Many argue that a new radical republican platform might be needed to counter the democrats’ agenda. This would entail to reshape the republican party, moving away from core conservative ideals espoused for decades by Barry Goldwater, William F. Buckley, and Ronald Reagan. The rapid shift in the priorities of the party has led to something of an existential crisis. Previous republican campaign items such as leaner government, balanced budgets, entitlement reform and free trade have been replaced by totally different items.

As a president, Trump presided over rising annual deficits and higher federal spending. He launched a trade war with China. In the ongoing culture war with the democrats, both parties have become more extreme, more polarized, and more radical. Some conservative republicans are skeptical to the shift as they still emphasize a leaner government and less spending. These conservative voices are a minority though, which is also the case in the democratic party. The conservative or moderate voices are getting fewer and fewer. This is an unfortunate trend.

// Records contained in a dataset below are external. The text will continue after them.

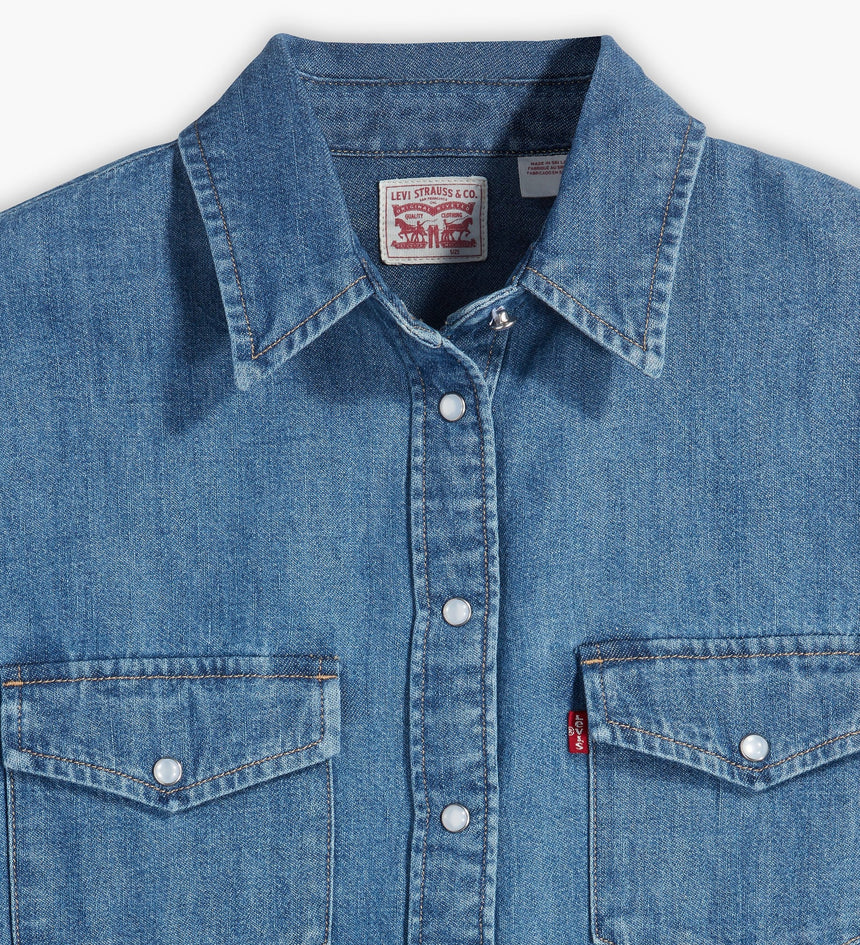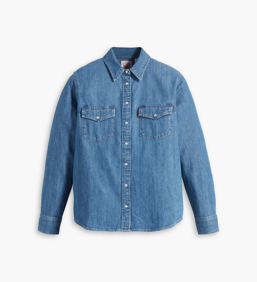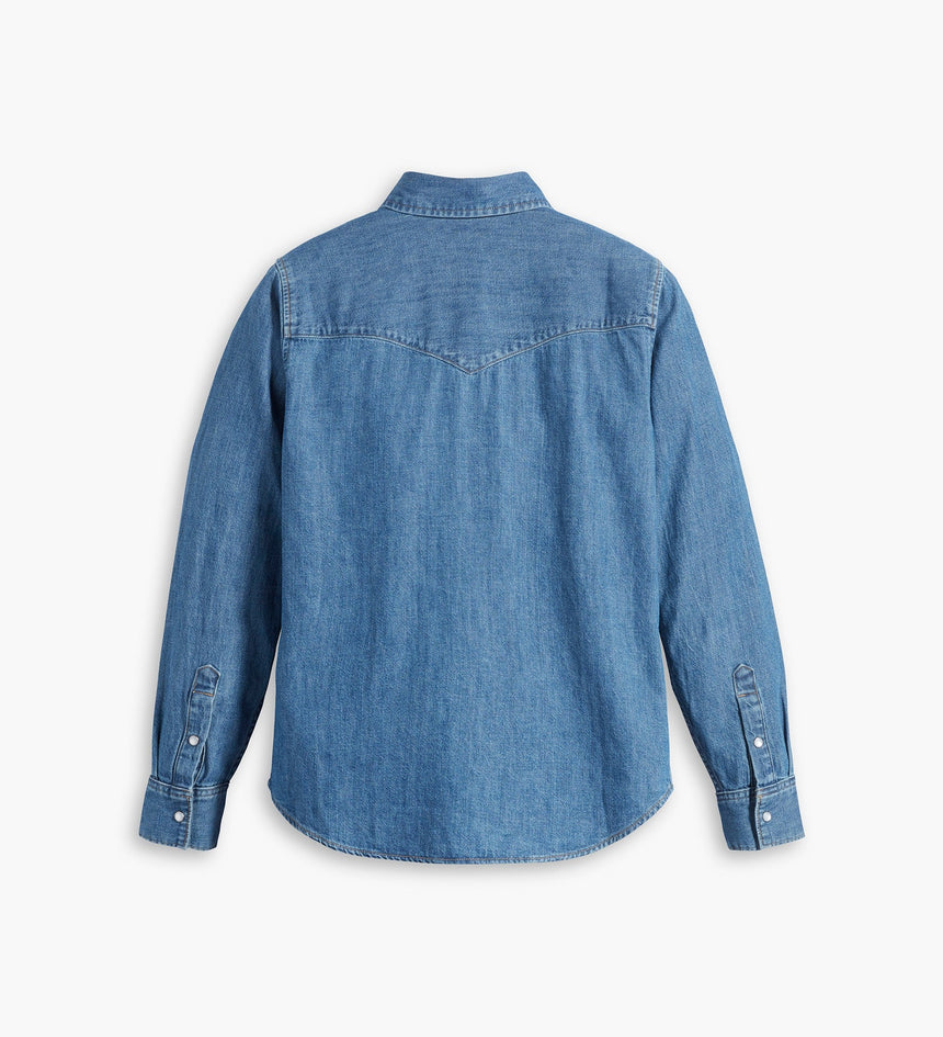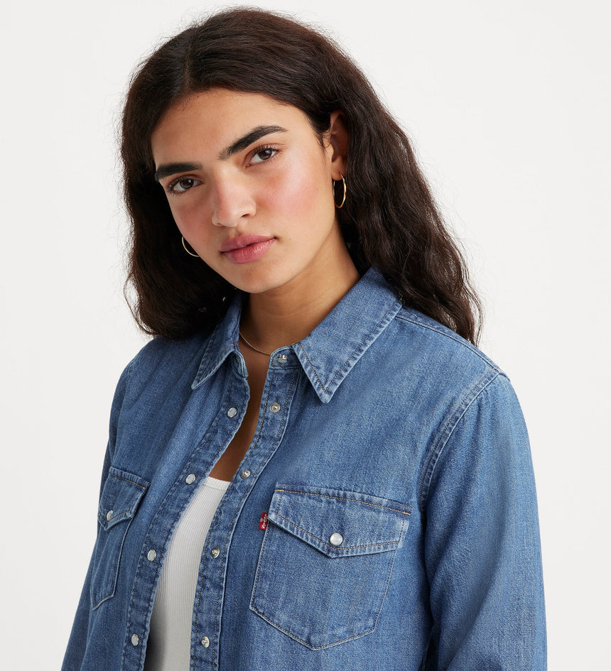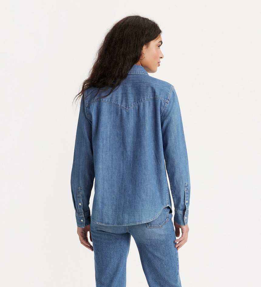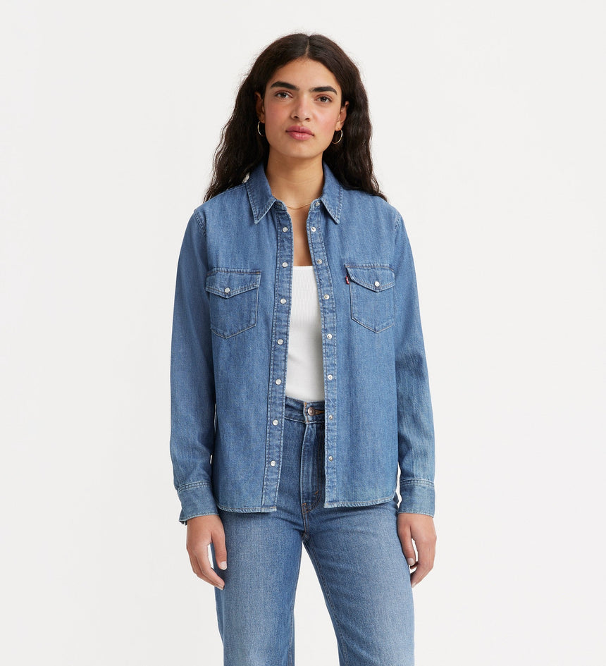 - A long-sleeve denim western shirt
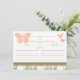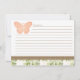 Ces jolies cartes de recette de mariage ou de shower de mariage ou pour toute occasion avec un papillon de couleur pêche et corail avec un fond floral vert moussu et un design à l'aspect de ruban cousu de jute avec un tourbillon subtil de pêche pâle et un motif de cœurs est parfait pour un mariage champêtre ou une garden party sur le thème vintage ou rustique ou un shower de mariage ou une cuisine. Le papillon sur le devant et le dos de cette carte de recette peut être personnalisé avec l'initiale ou le monogramme de la mariée rougissante, chef, cuisinier, boulanger OU L'INITIALE DU NOM DE FAMILLE DE LA NOUVELLE mariée et du marié jeune couple nouvellement marié. Œuvre d'art et design © Chrissy H. Studios, LLC. Tous droits réservés.
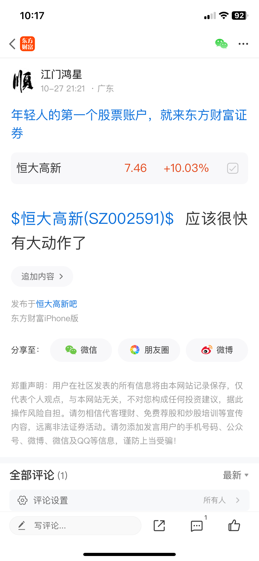 温馨提示: 1.根据《证券法》规定,禁止编造、传播虚假信息或者误导性信息,扰乱证券市场;2.用户在本社区发表的所有资料、言论等仅代表个人观点,与本网站立场无关,不对您构成任何投资建议。用户应基于自己的独立判断,自行决定证券投资并承担相应风险。《东方财富社区管理规定》

Republicans are broadly in favor of a more active federal government. In congress, some republicans have pushed for such federal measures as caps on credit-card interest rates, social-media regulations and even worker protections. Like Trump, several other GOP presidential candidates say that an aggressive use of federal authority is needed to push back against a radical democratic social agenda that they say has taken hold in schools, academia, the media, and corporate boardrooms.

Trump’s suggestions and ideas are not surprising though. He is not a conservative republican, barely a republican, but rather a populist businessman, who could not care less about William F. Buckley’s conservative ideas and principles. Trump wants to win the presidency at all costs and his new platform might attract new voters, primarily democratic working-class voters and other disenfranchised voters who are disappointed in the country’s direction under the Biden administration.